CIKM AnalytiCup 2017: Lazada Product Title Quality Challenge

Organized by hadylauw - Current server time: Dec. 15, 2018, 4:44 a.m. UTC

First phase

Phase 1: Validation Leaderboard
May 1, 2017, midnight UTC

End

Competition Ends
Aug. 7, 2017, 11:59 p.m. UTC

On Lazada, we have millions of products across thousands of categories. To stand out from the crowd, sellers employ creative, sometimes disruptive efforts to improve their search relevancy or attract the attention of customers. Product titles like "hot sexy red clutch rug sack travel backpack unisex cheap with free gift" degenerate user experience by cluttering the site with irrelevant, misleading titles.
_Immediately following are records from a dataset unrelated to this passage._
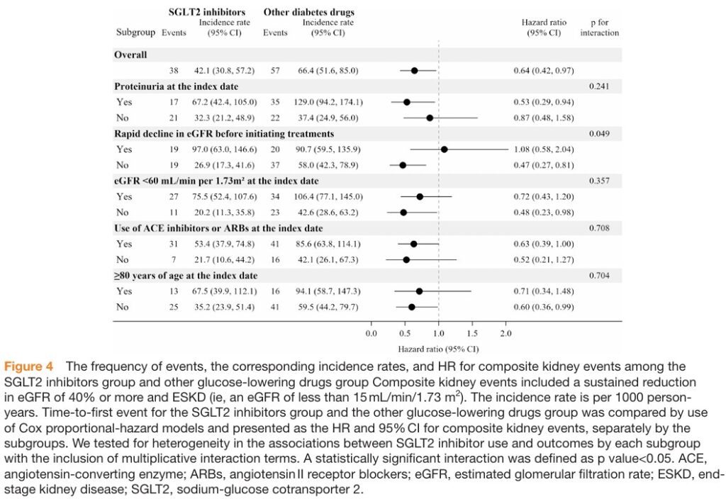 治療開始前のeGFR急速低下の有無に関して、SGLT2阻害薬群と他の血糖降下薬群の腎イベントリスクには不均一性が認められました(交互作用のp=0.049)。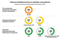 Telassa on ensimmäistä kertaa koottu työeläkealan vastuullisen sijoittamisen tietoja. Työeläkevakuuttajat sijoittavat yhteensä 255 miljardin euron varallisuutta (varojen määrä vuoden 2021 lopussa). Analyysi tarkastelee varojen sitoutumista merkittävimpiin kansainvälisiin vastuullisuussitoumuksiin. Tarkasteluun valitut sitoumukset ja hankkeet valottavat vastuullisen sijoittamisen periaatteita ja toteutusta eri suunnista. Luvut kertovat, kuinka suuri osa työeläkevaroista on sijoitettu kunkin mittarin mukaan.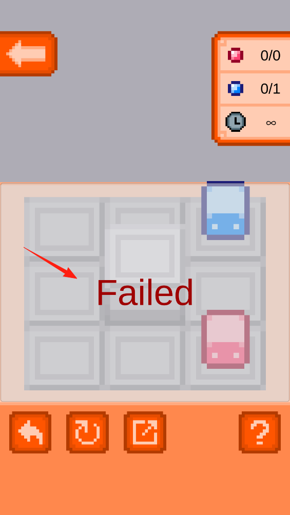 3、滑动方块时没规划好,容器碰到其他方块,界面显示Failed,别慌,点击下方重置按钮,重新调整滑动路线,失败是解谜的常态,每次重来都能换种思路,继续尝试让容器拿到宝石。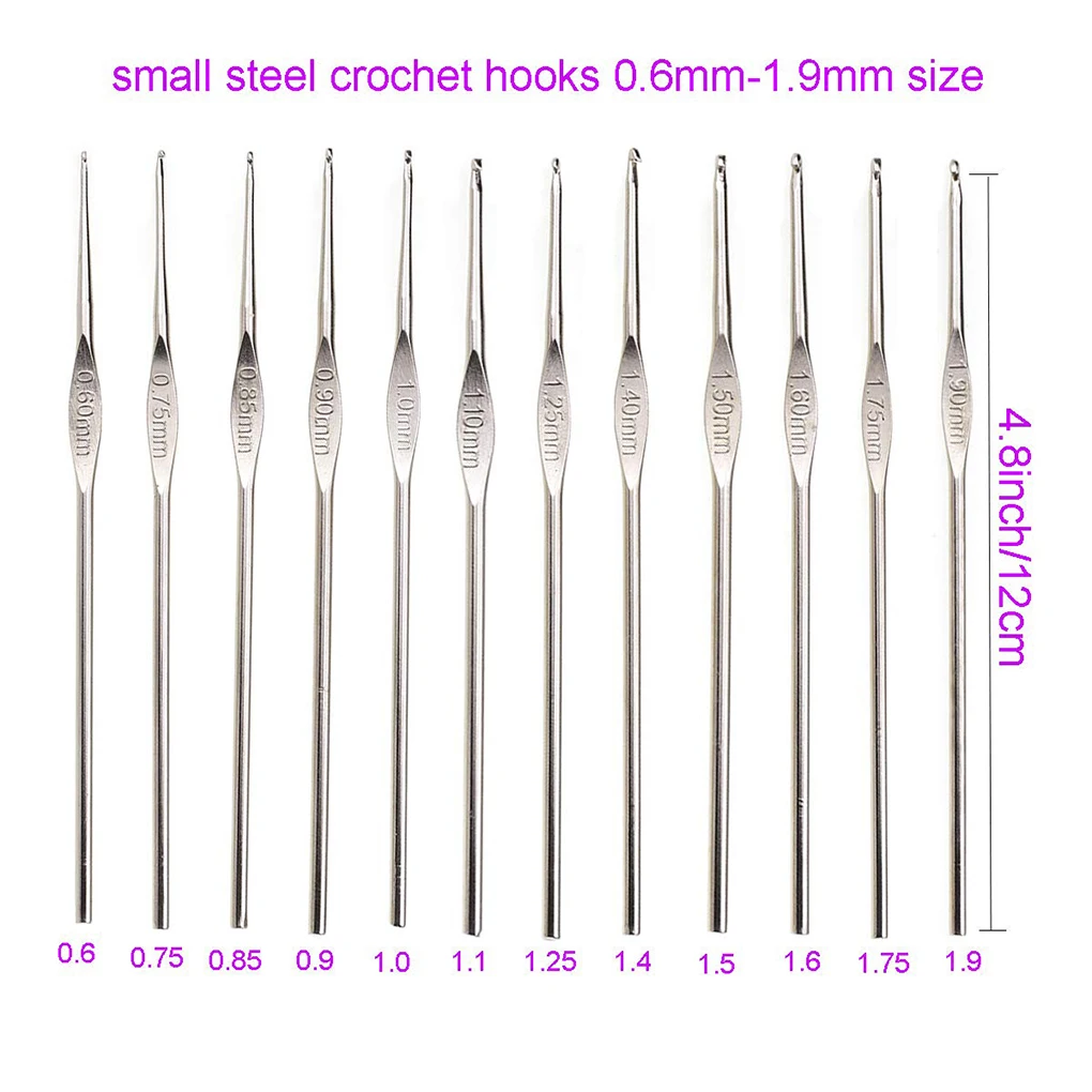 Вязальный крючок Размеры: 0,6 мм/0,75 мм/0,85 мм/0,9 мм/1,0 мм/1,1 мм/1,25 мм/1,3 мм (1,4 мм) /1,5 мм/1,6 мм/1,75 мм/1,9 мм/2,0 мм/2,5 мм/3,0 мм/3,5 мм/4,0 мм/4,5 мм/5,0 мм/5,5 мм/6,0 мм/ 6,5 мм.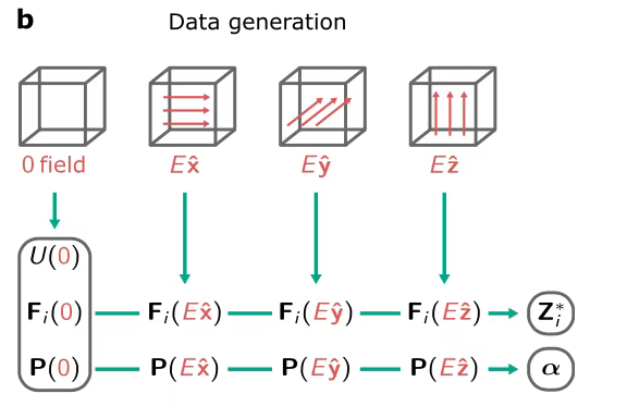In the process of generating training data,As shown in the figure below, the researchers used DFT calculations to obtain data in the area around zero electric field, and used the finite difference approximation method to determine the values of Born charge and polarizability. After training, the model has the ability to output enthalpy, and then derive a series of key parameters such as force, polarization, Born charge and polarizability by calculating the first and second order derivatives of the output enthalpy.

In this Product Title Quality Challenge, we provide you with a set of product titles, description, and attributes, together with the associated title quality scores (clarity and conciseness) as labeled by Lazada's internal QC team. Your task is to build a product title quality model that can automatically grade the clarity and the conciseness of a product title.
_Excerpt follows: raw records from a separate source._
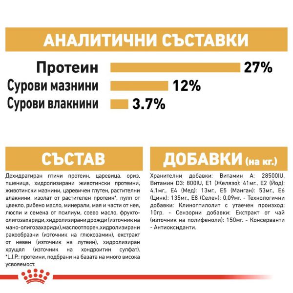 СЪСТАВ: Състав: дехидратиран птичи протеин, царевица, ориз, пшеница, хидролизирани животински протеини, животински мазнини, царевичен глутен, растителни влакнини, изолат от растителен протеин*, пулп от цвекло, рибено масло, минерали, мая и части от нея, люспи и семена от псилиум, соево масло, фрукто- олигозахариди, хидролизирана мая (източник на мано- олигозахариди), поречово масло, хидролизирани ракообразни (източник на глюкозамин), екстракт от невен (източник на лутеин), хидролизиран хрущял (източник на хондроитин сулфат).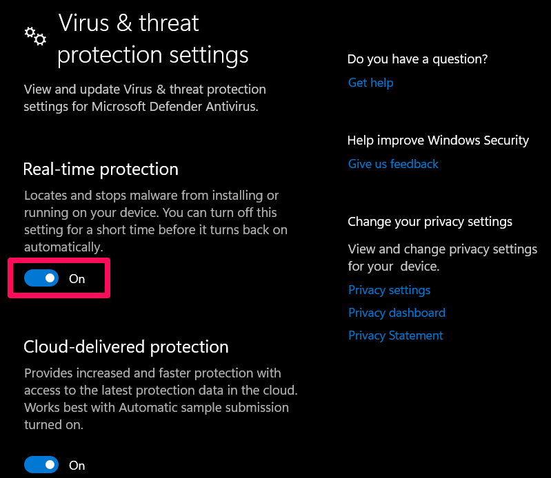 - 下一步是关闭实时保护。为此,请切换它旁边的按钮。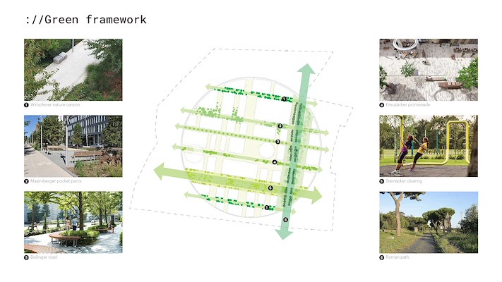 De basis van het masterplan wordt gevormd door twee groene assen die de cirkel doorsnijden waarvan één een historisch Romeins pad is dat de belangrijkste noord-zuidroute vormt. Rondom de campusgebouwen loopt een pad van 1,2 kilometer lengte. Een atletiekbaan, een skatepark, een tribune en uitzichtpunten op de omgeving zorgen voor een overgang naar het omliggende landschap en activering van de campus.

This challenge is a part of the CIKM AnalytiCup 2017 co-arranged as part of the ACM CIKM 2017 conference. The reports of the semi-finalist teams will be publicly released online. We also invite the finalists (top 3 teams) and potentially some semi-finalists as well to present their approaches at the CIKM AnalytiCup Workshop on November 6 in Singapore.  

Let's work together to free Lazada from poor quality titles and return us to a state of clean and relevant product titles.

Prizes

The Prize Pool for the Lazada Product Title Quality Challenge is SGD15,000 and will be distributed among the participants as follows:

  • The 1st Place receives SGD6,000 (~USD4200) in Prize Money +  SGD2,000 (~USD1400) in Travel Support*
  • The 2nd Place receives SGD2,000 (~USD1400) in Prize Money +  SGD2,000 (~USD1400) in Travel Support*
  • The 3rd Place receives SGD1,000 (~USD700) in Prize Money +  SGD2,000 (~USD1400) in Travel Support*

*In addition to Prize Money, any top-3 team with a member to present their solution in person at the CIKM AnalytiCup Workshop held on November 6 in Singapore will receive a further SGD2,000 in travel support.

In order to be eligible for any award, winners are required to submit the code and solution report (4 pages in ACM format) to the organizers by the stipulated deadline.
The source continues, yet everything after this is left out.